Espagne : Pedro Sanchez exprime sa « répulsion » face à la « conduite incivique » de l’ancien roi Juan Carlos

MONARCHIE L'ancien roi d'Espagne Juan Carlos a versé près de 4,4 millions d'euros au fisc afin de régulariser sa situation, a annoncé son avocat ce vendredi

20 Minutes avec AFP

— 

Pedro Sanchez, chef du gouvernement espagnol, et Juan Carlos, ancien roi d'Espagne.
Pedro Sanchez, chef du gouvernement espagnol, et Juan Carlos, ancien roi d'Espagne. — Emilio Naranjo/EFE/SIPA // DyD Fotografos/Unimedia I/SIPA

Juan Carlos continue de susciter de vives réactions chez lui.
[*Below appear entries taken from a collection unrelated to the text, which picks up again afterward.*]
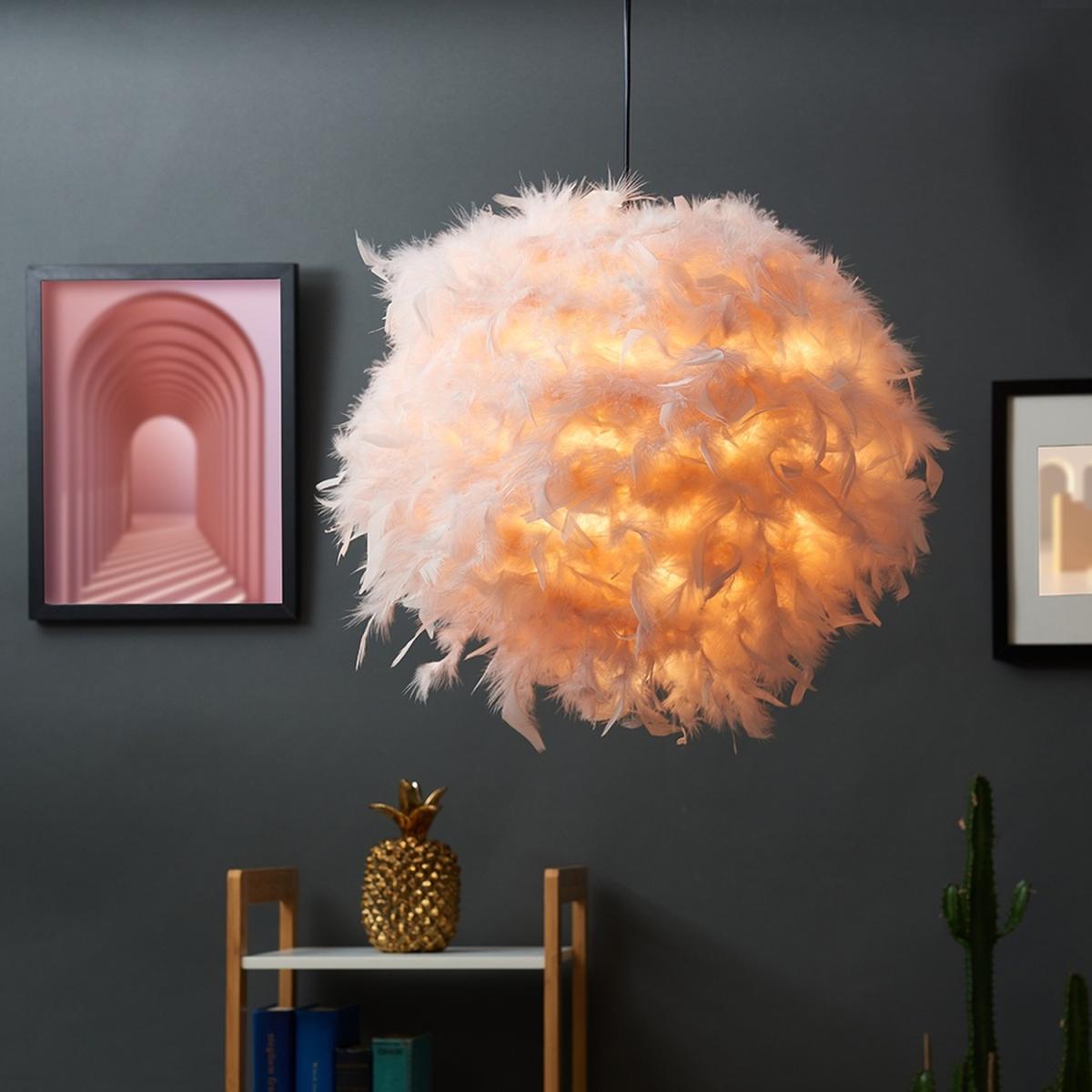This pink fluffy feather ball pendant is a fun and playful addition that works beautifully in eclectic, girly, or vintage-inspired interiors. I love its tactile appeal and how it instantly adds a pop of colour and texture to a neutral space. It’s ideal for creating a cosy, whimsical atmosphere in children’s bedrooms, dressing rooms, or even a quirky lounge area. To style it effectively, consider pairing it with soft pastel tones and delicate metallic accents for a balanced look. Hang it at varying heights to add visual interest and keep it away from high-humidity areas to maintain its fluffy charm. Overall, this light is a charming, statement piece that blends function with playful style.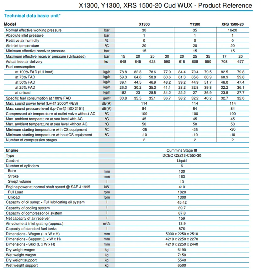 Atlas Copco X1300, Y1300 och XRS 1500-20 är tysta, tvåstegs, oljeinsprutade skruvkompressorer, drivna av vätskekyld, sexcylindrig Cummins dieselmotor.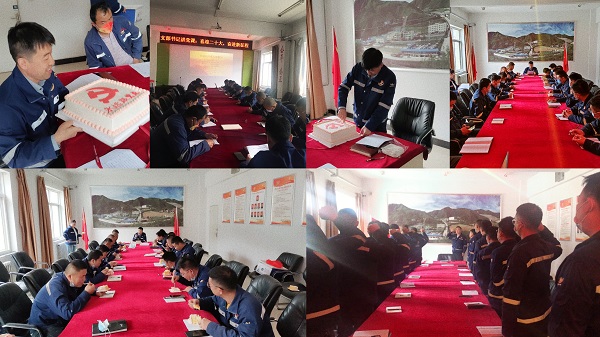 为热烈庆祝中国共产党成立101周年,回顾党的奋斗历史,讴歌党的光辉历程,6月27日下午,早子沟金矿党支部组织开展了“庆七一,喜迎党的二十大”专题系列活动。活动中,支部书记于明海带领全体党员在党旗下进行了庄严宣誓,随后做题为《喜迎二十大,奋进新征程》的党课讲解,旨在激励全体党员奋发实干作为,以实际行动诠释一名共产党员的责任、使命和担当。最后全体党员一同庆祝政治生日,支部书记向全体党员切发“生日蛋糕”,希望同志们“吃甜不忘苦”,夯实工作作风,吃苦在前、享受在后,以一往无前的奋斗姿态和永不懈怠的精神状态迎接二十大的胜利召开!

Le chef du gouvernement espagnol, Pedro Sánchez, a exprimé ce vendredi sa « répulsion » à l’égard de la « conduite incivique » de l’ancien roi d’Espagne, après l’annonce du versement par ce dernier de près de 4,4 millions d’euros pour régler une ardoise fiscale. « Je vais manifester de manière catégorique le même sentiment que la majorité des Espagnols, qui est la répulsion […] face aux conduites inciviques que nous avons découvertes à travers les médias », a-t-il déclaré devant la presse au palais de la Moncloa.

« Ici, ce qui est en question, c’est le comportement d’une personne », a-t-il, en outre, tenu à souligner. « Ce n’est pas une institution, ni le palais royal ni la couronne, qui est en cause », a-t-il poursuivi. « Le roi actuel », Felipe VI, fils de Juan Carlos, « a marqué un avant et après en termes d’exemplarité, de transparence et de bon usage des deniers publics et a, en conséquence, tout mon soutien », a encore dit le Premier ministre socialiste.

Un versement de 4,4 millions d’euros au fisc

L’ancien roi d’Espagne Juan Carlos, en exil à Abu Dhabi et visé par plusieurs enquêtes judiciaires, a versé près de 4,4 millions d’euros au fisc afin de régulariser sa situation, a annoncé son avocat ce vendredi dans un communiqué.

Ce versement a pour but de régulariser les obligations fiscales découlant de vols en jet privé dont l’ancien monarque avait bénéficié et qui avaient été payés par une fondation basée au Liechtenstein appartenant à l’un de ses cousins éloignés.

C’est la deuxième fois que l’ancien souverain règle ainsi ses dettes avec l’administration fiscale. En décembre, il avait déjà versé près de 680.000 euros, une régularisation liée à une enquête anti-corruption portant sur l’utilisation par Juan Carlos de cartes de crédit liées à des comptes bancaires aux noms d’un entrepreneur mexicain et d’un officier de l’armée de l’air espagnole.